Starting at the line below with "Attract pollinating bees" and stopping at the line with "自治区住房和城乡建设厅党组成", please print each line exactly, those two included, and skip every picture.

**EXERCISE MATERIALS**
============================================================
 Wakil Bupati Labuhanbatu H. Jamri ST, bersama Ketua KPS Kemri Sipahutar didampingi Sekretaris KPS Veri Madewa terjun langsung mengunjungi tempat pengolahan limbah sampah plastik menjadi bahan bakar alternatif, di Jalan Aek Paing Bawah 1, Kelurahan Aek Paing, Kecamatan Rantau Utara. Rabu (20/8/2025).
============================================================
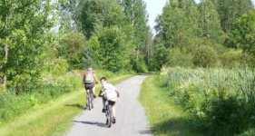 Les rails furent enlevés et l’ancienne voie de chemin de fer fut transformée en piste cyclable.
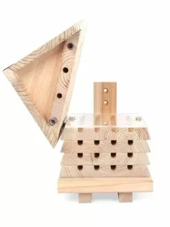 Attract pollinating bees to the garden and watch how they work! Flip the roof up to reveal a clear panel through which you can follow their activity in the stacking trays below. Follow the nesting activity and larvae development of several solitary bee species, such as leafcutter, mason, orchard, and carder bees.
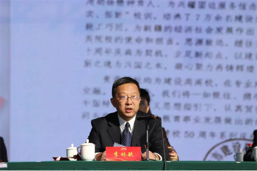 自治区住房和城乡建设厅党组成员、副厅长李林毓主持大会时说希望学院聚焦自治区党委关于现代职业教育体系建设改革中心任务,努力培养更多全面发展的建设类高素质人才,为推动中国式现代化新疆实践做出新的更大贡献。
============================================================
**ANSWER SECTION**
 Attract pollinating bees to the garden and watch how they work! Flip the roof up to reveal a clear panel through which you can follow their activity in the stacking trays below. Follow the nesting activity and larvae development of several solitary bee species, such as leafcutter, mason, orchard, and carder bees.
 自治区住房和城乡建设厅党组成员、副厅长李林毓主持大会时说希望学院聚焦自治区党委关于现代职业教育体系建设改革中心任务,努力培养更多全面发展的建设类高素质人才,为推动中国式现代化新疆实践做出新的更大贡献。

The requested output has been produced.